▶ [Aim of the exercise]: Using the records below, copy exactly the part that opens with the line holding "Thoughtfully designed for" and closes with the line holding "Alexandre Baylac : Les", minus the pictures.

▶ [Data in this exercise]:
************

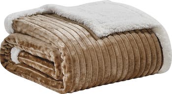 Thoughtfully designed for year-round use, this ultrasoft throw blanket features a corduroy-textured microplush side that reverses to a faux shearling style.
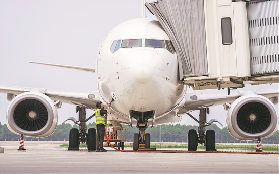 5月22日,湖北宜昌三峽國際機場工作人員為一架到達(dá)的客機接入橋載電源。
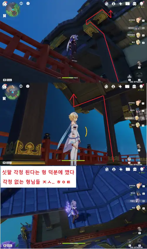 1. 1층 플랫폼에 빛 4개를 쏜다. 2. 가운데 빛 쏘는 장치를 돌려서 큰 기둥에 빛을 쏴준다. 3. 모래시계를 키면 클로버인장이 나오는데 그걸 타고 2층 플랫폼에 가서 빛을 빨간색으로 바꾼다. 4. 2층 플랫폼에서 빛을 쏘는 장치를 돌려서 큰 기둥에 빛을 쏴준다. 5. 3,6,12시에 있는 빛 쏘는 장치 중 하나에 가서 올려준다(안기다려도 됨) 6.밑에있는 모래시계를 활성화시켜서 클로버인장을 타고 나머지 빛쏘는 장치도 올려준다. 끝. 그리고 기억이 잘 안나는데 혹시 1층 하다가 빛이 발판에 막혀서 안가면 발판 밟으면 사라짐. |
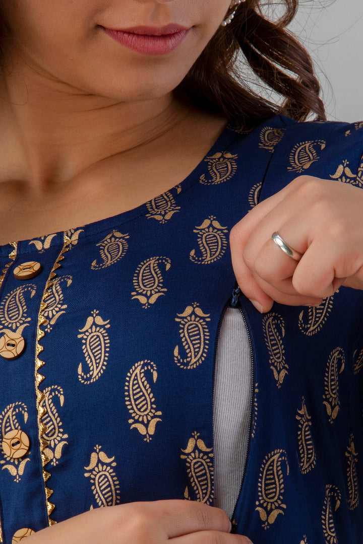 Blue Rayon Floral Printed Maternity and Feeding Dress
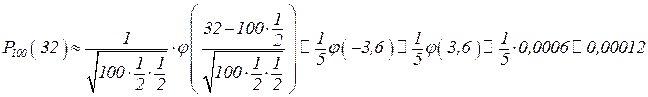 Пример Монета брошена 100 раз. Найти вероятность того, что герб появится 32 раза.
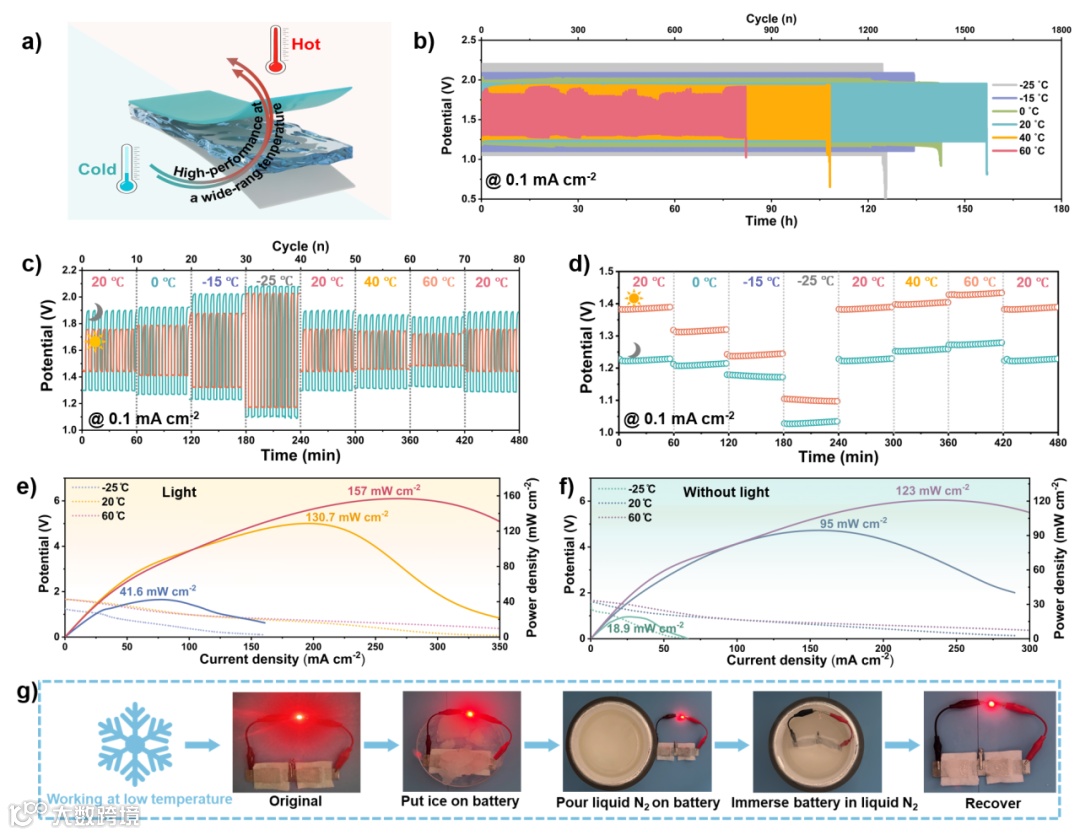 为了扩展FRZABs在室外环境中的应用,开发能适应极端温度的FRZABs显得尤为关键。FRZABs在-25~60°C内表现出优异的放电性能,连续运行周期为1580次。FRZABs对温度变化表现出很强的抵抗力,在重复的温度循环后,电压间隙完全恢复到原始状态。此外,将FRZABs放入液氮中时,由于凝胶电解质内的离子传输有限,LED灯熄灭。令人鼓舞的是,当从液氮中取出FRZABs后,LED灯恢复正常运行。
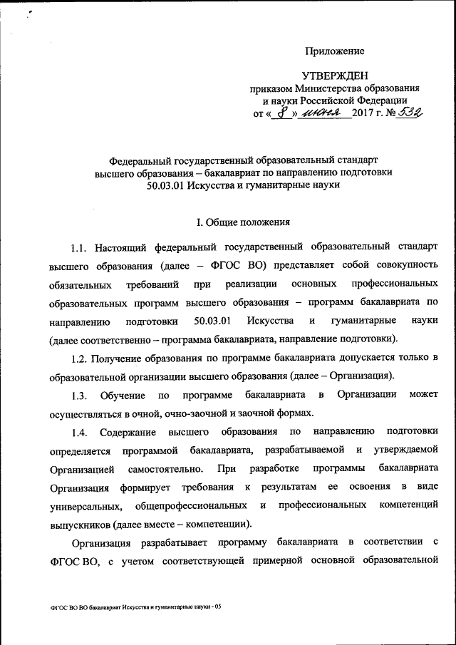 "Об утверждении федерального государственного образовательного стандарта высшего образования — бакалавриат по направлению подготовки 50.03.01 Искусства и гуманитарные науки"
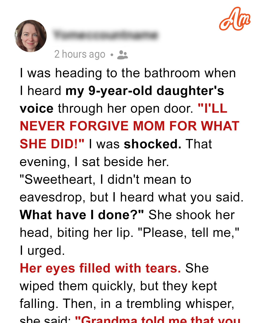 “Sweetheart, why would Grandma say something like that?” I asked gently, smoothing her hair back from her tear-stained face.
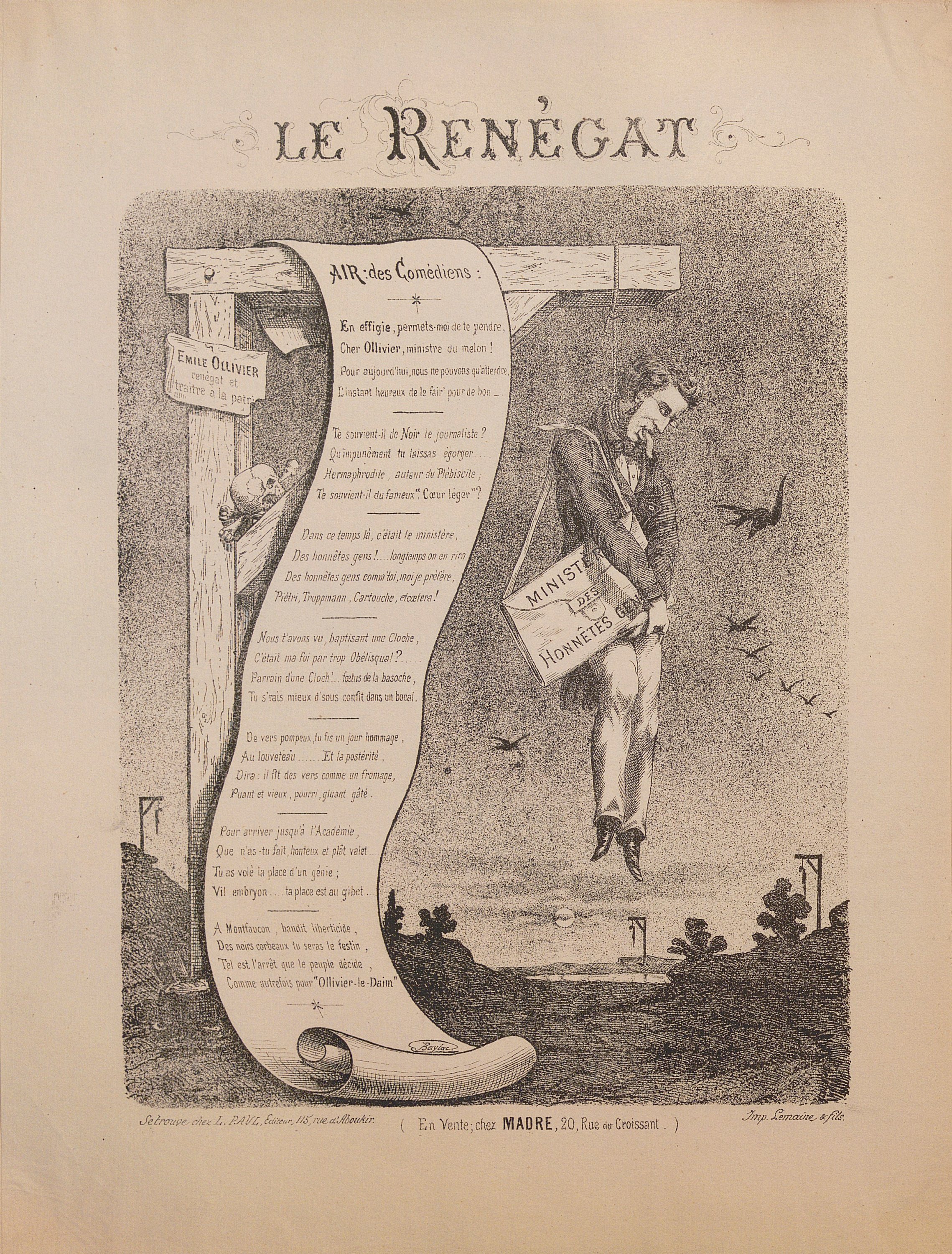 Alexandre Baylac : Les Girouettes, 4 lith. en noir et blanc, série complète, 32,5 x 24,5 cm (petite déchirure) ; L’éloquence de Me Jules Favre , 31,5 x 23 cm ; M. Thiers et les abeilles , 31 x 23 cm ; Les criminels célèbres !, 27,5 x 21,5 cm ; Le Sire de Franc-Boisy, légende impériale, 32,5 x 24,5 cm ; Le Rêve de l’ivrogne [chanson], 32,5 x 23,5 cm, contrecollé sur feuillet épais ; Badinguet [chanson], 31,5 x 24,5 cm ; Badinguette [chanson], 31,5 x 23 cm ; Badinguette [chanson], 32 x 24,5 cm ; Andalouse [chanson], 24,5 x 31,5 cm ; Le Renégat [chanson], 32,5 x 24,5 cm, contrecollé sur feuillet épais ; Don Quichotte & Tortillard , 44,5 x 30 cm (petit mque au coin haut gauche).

************

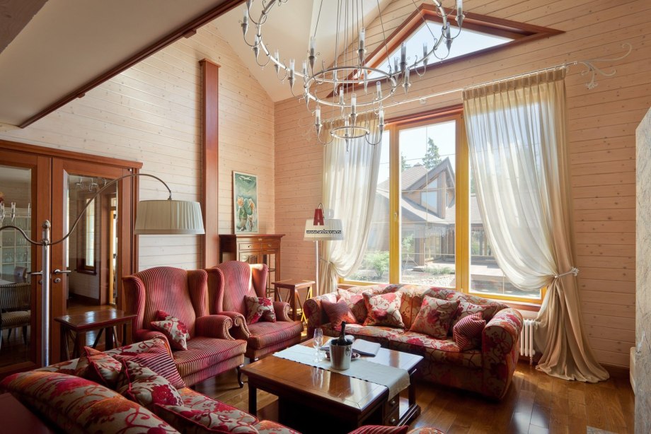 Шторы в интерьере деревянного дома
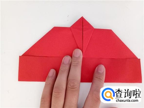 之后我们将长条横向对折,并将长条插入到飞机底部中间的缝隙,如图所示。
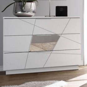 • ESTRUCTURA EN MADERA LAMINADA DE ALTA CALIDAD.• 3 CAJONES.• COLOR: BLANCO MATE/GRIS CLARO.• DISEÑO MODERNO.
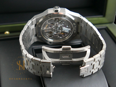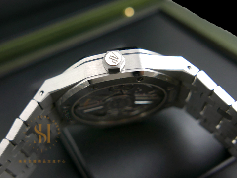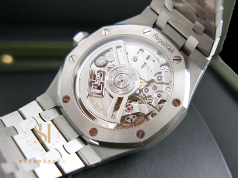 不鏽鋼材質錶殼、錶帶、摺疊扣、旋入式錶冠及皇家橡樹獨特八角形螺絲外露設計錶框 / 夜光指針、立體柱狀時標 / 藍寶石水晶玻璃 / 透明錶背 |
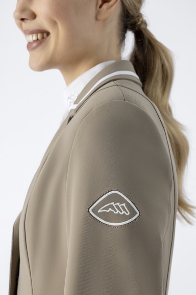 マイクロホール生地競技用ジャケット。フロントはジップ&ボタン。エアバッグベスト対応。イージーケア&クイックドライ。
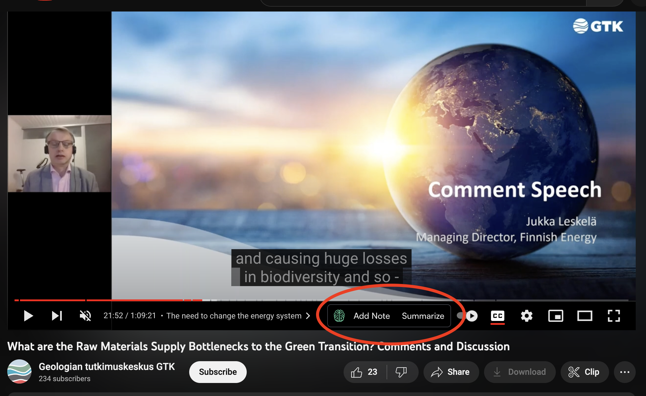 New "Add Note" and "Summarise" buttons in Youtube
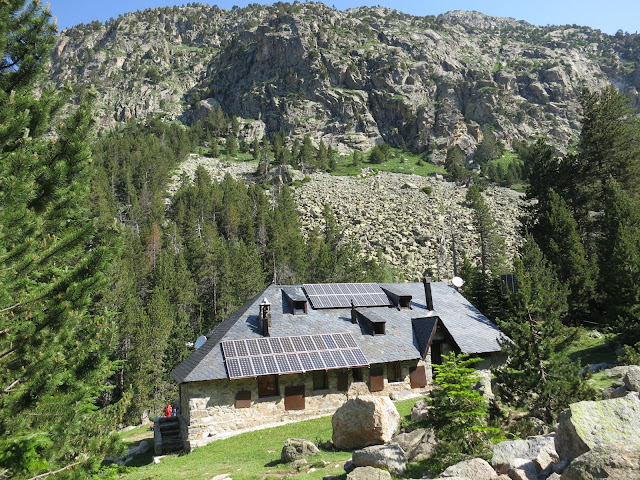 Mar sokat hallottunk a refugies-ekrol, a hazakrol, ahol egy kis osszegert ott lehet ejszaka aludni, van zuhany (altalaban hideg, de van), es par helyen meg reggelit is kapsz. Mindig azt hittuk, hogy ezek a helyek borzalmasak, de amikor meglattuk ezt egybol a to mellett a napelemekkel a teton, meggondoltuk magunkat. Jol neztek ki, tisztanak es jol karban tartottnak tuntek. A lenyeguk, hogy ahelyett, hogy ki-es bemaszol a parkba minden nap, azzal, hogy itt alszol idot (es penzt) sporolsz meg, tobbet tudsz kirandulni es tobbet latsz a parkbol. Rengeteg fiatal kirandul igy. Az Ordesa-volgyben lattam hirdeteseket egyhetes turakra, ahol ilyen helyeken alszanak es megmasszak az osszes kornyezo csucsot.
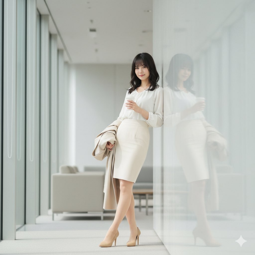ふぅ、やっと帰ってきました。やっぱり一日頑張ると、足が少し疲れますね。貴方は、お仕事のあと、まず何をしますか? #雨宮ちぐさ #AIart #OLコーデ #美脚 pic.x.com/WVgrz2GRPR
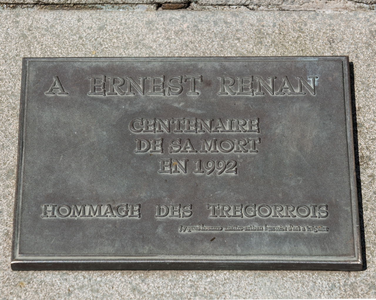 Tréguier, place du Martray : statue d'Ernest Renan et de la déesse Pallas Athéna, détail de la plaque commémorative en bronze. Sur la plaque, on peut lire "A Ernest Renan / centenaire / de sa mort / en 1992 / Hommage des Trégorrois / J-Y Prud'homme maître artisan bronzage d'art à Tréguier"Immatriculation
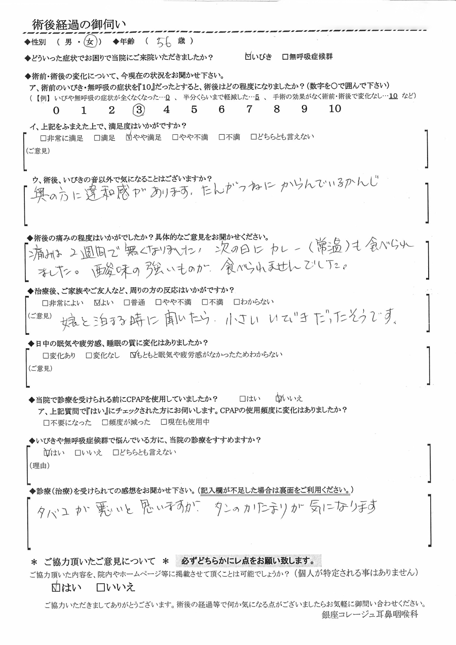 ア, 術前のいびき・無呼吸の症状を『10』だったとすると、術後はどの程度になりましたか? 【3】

************

▶ [Task response]:
 Thoughtfully designed for year-round use, this ultrasoft throw blanket features a corduroy-textured microplush side that reverses to a faux shearling style.
 5月22日,湖北宜昌三峽國際機場工作人員為一架到達(dá)的客機接入橋載電源。
 1. 1층 플랫폼에 빛 4개를 쏜다. 2. 가운데 빛 쏘는 장치를 돌려서 큰 기둥에 빛을 쏴준다. 3. 모래시계를 키면 클로버인장이 나오는데 그걸 타고 2층 플랫폼에 가서 빛을 빨간색으로 바꾼다. 4. 2층 플랫폼에서 빛을 쏘는 장치를 돌려서 큰 기둥에 빛을 쏴준다. 5. 3,6,12시에 있는 빛 쏘는 장치 중 하나에 가서 올려준다(안기다려도 됨) 6.밑에있는 모래시계를 활성화시켜서 클로버인장을 타고 나머지 빛쏘는 장치도 올려준다. 끝. 그리고 기억이 잘 안나는데 혹시 1층 하다가 빛이 발판에 막혀서 안가면 발판 밟으면 사라짐. |
 Blue Rayon Floral Printed Maternity and Feeding Dress
 Пример Монета брошена 100 раз. Найти вероятность того, что герб появится 32 раза.
 为了扩展FRZABs在室外环境中的应用,开发能适应极端温度的FRZABs显得尤为关键。FRZABs在-25~60°C内表现出优异的放电性能,连续运行周期为1580次。FRZABs对温度变化表现出很强的抵抗力,在重复的温度循环后,电压间隙完全恢复到原始状态。此外,将FRZABs放入液氮中时,由于凝胶电解质内的离子传输有限,LED灯熄灭。令人鼓舞的是,当从液氮中取出FRZABs后,LED灯恢复正常运行。
 "Об утверждении федерального государственного образовательного стандарта высшего образования — бакалавриат по направлению подготовки 50.03.01 Искусства и гуманитарные науки"
 “Sweetheart, why would Grandma say something like that?” I asked gently, smoothing her hair back from her tear-stained face.
 Alexandre Baylac : Les Girouettes, 4 lith. en noir et blanc, série complète, 32,5 x 24,5 cm (petite déchirure) ; L’éloquence de Me Jules Favre , 31,5 x 23 cm ; M. Thiers et les abeilles , 31 x 23 cm ; Les criminels célèbres !, 27,5 x 21,5 cm ; Le Sire de Franc-Boisy, légende impériale, 32,5 x 24,5 cm ; Le Rêve de l’ivrogne [chanson], 32,5 x 23,5 cm, contrecollé sur feuillet épais ; Badinguet [chanson], 31,5 x 24,5 cm ; Badinguette [chanson], 31,5 x 23 cm ; Badinguette [chanson], 32 x 24,5 cm ; Andalouse [chanson], 24,5 x 31,5 cm ; Le Renégat [chanson], 32,5 x 24,5 cm, contrecollé sur feuillet épais ; Don Quichotte & Tortillard , 44,5 x 30 cm (petit mque au coin haut gauche).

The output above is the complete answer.